I’d always wanted to write, but one of the major difficulties with writing is getting started.  Finding a suitable beginning or catalyst for the whole story is one of the main challenges.  Somehow I had to kickstart Julie so she could take on her new role as an amateur investigator.  Eventually I hit upon the idea of her feeling bereft after her twins went away to university, and, to take her mind off things, she needed a new direction in life, or, in Julie’s terms, a paid job for the first time in years. But, while I could sympathise with Julie’s feelings of uselessness and rejection, this wasn’t something I’d actually experienced myself as my own daughter was still in her early years of secondary school.

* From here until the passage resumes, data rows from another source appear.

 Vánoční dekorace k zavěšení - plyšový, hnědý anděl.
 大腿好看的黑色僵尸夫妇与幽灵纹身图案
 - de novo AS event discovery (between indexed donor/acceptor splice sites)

The twins’ choice of university was entirely arbitrary, and Alice went to Nottingham while Mike went to Edinburgh.  Maybe I thought Julie’s sense of loss would be even greater because of the distance involved – after all, Julie lives in London, as I do, and Edinburgh is some four hundred miles away in another country, and just about (although not quite) as far away as it’s possible to go to university from London.

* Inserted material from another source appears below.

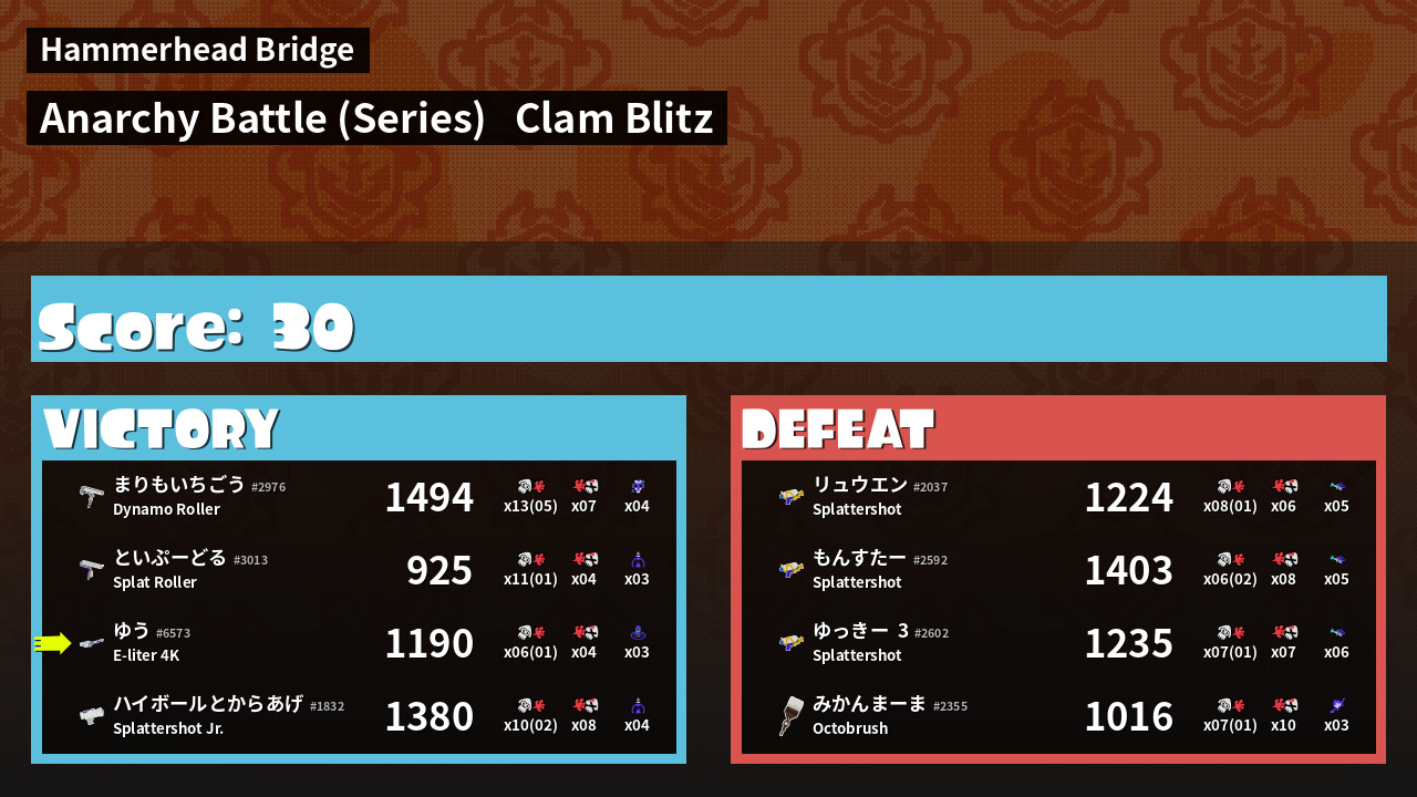 | Mode | Clam Blitz - Anarchy Battle (Series) | ||

About a year ago we took my daughter on a tour of universities so she could decide which one suited her best. She liked York: it had the obligatory Fudge Kitchen and the city was interesting and in striking distance of the campus.  Her enthusiasm waned visibly (and audibly) when she saw Durham – no Fudge Kitchen and a small town centre, which was just too tame.  “It’s nice,” she said in deference to my feelings (I’m a Durham graduate), “but it’s not for me.”

Then we hit Edinburgh and her eyes lit up.  Edinburgh had everything: a Fudge Kitchen, a lively town centre, and the right university course.  She hadn’t even read The Art of Killing at this stage, so I can’t accuse her of copying Mike: it’s just pure coincidence, and last weekend we took her up there to embark on her university life.

Yesterday I was back home again and feeling just like Julie.  Of course I want my daughter to do the course that’s right for her, and it’s a natural progession to move away from home.  Edinburgh is only four hours away by train, so I can always pop up there, assuming she wants to see me.  But that doesn’t change the emptiness and feeling of job done.  My role in her life has been diminished and there’s a gap to fill.  Fortunately I’m not quite in the same situation as Julie because I consider that I have a full time job writing books and I now have plenty of time to crack on with my next murder mystery – actually, I’ve got two planned – and I’ve also got a round of social activities.  But it’s the little things which will catch me out – remembering to set the table for two, not three, in the evenings – and I’ve lost my favourite riding buddy.

But there’s also another extremely worrying aspect to all this.  As some one said the other day, once a person gets to Edinburgh, they tend to stay there well after their university career has ended.  And, I have to say, this is certainly true of Julie’s son Mike, so this could be something else I’ll have to face up to in four years’ time!

In the meantime, however, of course I’m delighted that my daughter is able to go to the university of her choice and I’m sure she will have a very happy and fulfilling time there.  Good luck Susanna!